Where Pith is reading between the lines
- Developers could gain efficiency by embedding hybrid retrieval directly into issue tracking systems to speed up change understanding.
- Further prompt engineering tailored to this task might reduce the observed gap between LLMs and traditional rerankers.
- Resource-limited teams may prefer avoiding LLMs in reranking to maintain accuracy at lower computational cost.

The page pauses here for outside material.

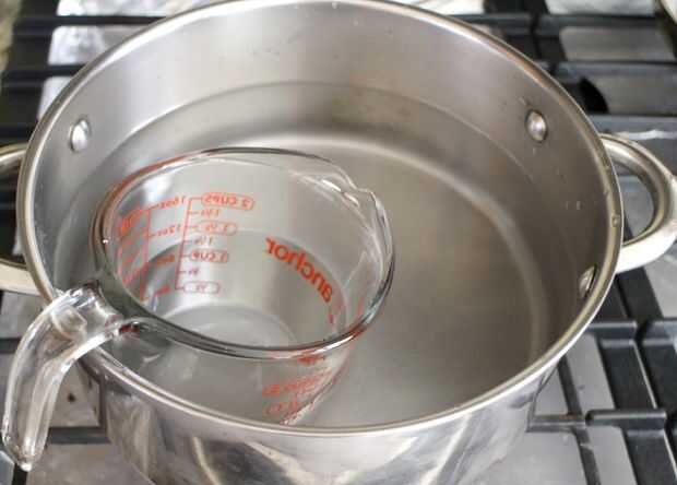 Yo realmente no tenía una caldera doble, así que makeshifted por relleno salsa regular de pan con sobre una pinta de agua. Entonces sólo enganchado en un vaso de medir hasta el labio de la cacerola, y hay que ir, caldera doble instantánea! Ahora la crema puede calentar para arriba en la taza de medición debido al agua hirviendo en la cacerola sin el temor de que quema.

- The same staged pipeline could be adapted and tested for related traceability problems such as linking requirements to code.
Load-bearing premise
The selected datasets and metrics such as precision and recall represent real developer needs for issue-commit links, and the prompts for large language models were optimized equally across models.
What would settle it
A new evaluation on different open-source project data where an LLM reranker reaches higher precision and recall than the best traditional machine learning reranker would disprove the main performance claims.
Figures
read the original abstract
Linking issue reports to the commits that resolve them is essential for software traceability, maintenance, and evolution. Accurate issue-commit links help developers to understand system changes and the rationale behind them. While numerous automated techniques have been proposed, ranging from heuristic and feature-based approaches to modern deep learning and large language model approaches, our goal is to evaluate these techniques to determine which are most effective and efficient. In this study, we revisit several established issue-commit link recovery techniques, including BTLink, EasyLink, FRLink, RCLinker, and Hybrid-Linker, and assess their performance for reranking issue-commit links. We first evaluate different retrieval methods (BM25, BM25L, SBERT-Semantic Search, ANNOY, LSH, HNSW) for their ability to efficiently retrieve relevant commits, reducing the candidate set that must be considered by more computationally expensive models. Using the best retrieval methods, we then investigate the reranking effectiveness of different machine learning-based techniques, including traditional machine learning models, a cross-encoder, and large language models (ChatGPT, Qwen, Gemma, Llama), to refine the reranking of candidate commits and improve precision. Finally, we compare the effectiveness of these techniques. Our results show that dense retrieval methods outperform sparse retrieval approaches in identifying relevant commits and that combining dense and sparse retrieval can improve recall. Additionally, we find that traditional machine learning-based reranking techniques achieve higher performance than LLM-based approaches. Our results highlight that retrieval-based pipelines remain a practical and effective solution for large-scale issue-commit linking, and that simpler models should be carefully considered before adopting computationally expensive LLM-based approaches.
Editorial analysis
A structured set of objections, weighed in public.
Referee Report
Summary. The manuscript empirically evaluates retrieval methods (BM25, BM25L, SBERT, ANNOY, LSH, HNSW) and reranking techniques (traditional ML models, cross-encoder, and LLMs including ChatGPT, Qwen, Gemma, Llama) for recovering links between issue reports and resolving commits. It claims dense retrieval outperforms sparse retrieval, hybrid dense-sparse retrieval improves recall, and traditional ML reranking outperforms LLM-based reranking, concluding that simpler retrieval-based pipelines remain practical and that computationally expensive LLMs should be considered only after simpler alternatives.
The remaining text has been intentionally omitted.